Would you please print exactly the lines that run from the one with "- Turnovers: If" to the last line of the data, both included, without any pictures?

**INFORMATION SUPPLIED**:
# # # # #
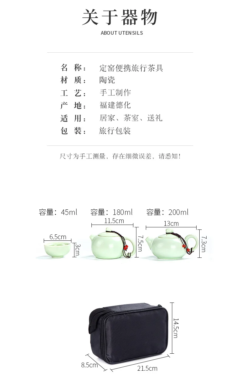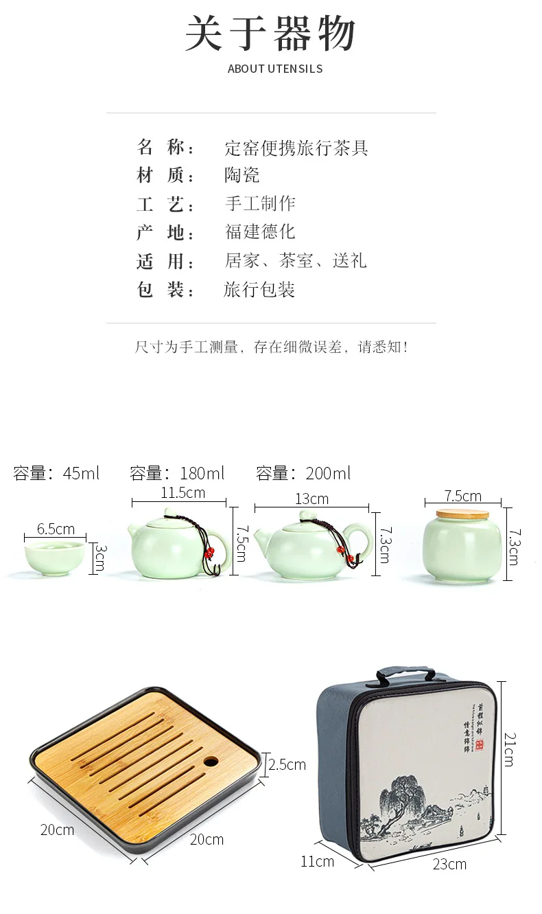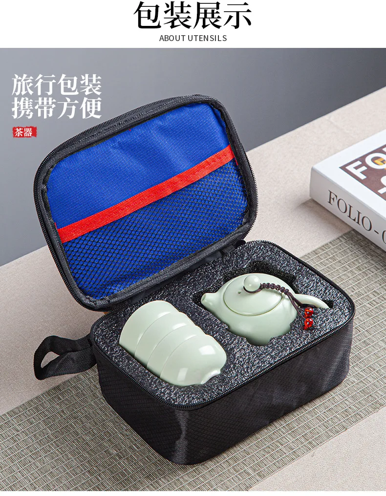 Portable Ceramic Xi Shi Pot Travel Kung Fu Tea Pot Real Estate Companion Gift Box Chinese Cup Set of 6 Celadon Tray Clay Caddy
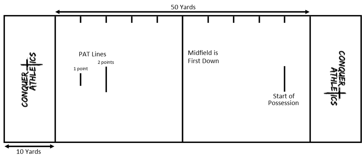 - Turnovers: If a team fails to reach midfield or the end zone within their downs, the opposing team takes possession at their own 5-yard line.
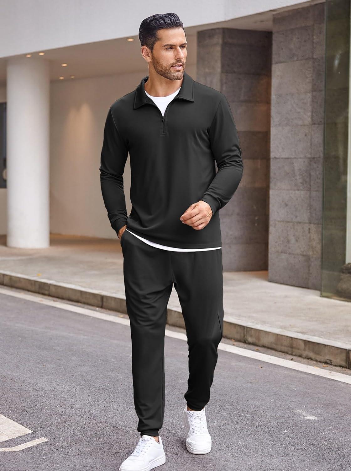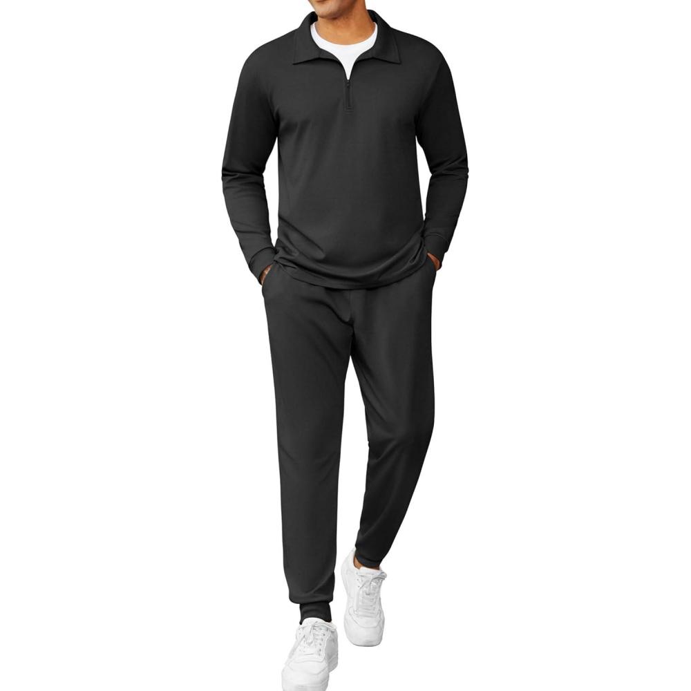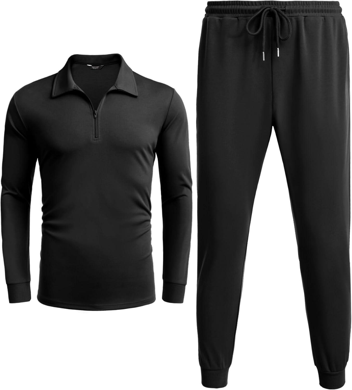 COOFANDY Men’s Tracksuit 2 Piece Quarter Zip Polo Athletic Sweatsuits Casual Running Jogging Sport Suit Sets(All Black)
# # # # #
**SOLUTION**:
 - Turnovers: If a team fails to reach midfield or the end zone within their downs, the opposing team takes possession at their own 5-yard line.
 COOFANDY Men’s Tracksuit 2 Piece Quarter Zip Polo Athletic Sweatsuits Casual Running Jogging Sport Suit Sets(All Black)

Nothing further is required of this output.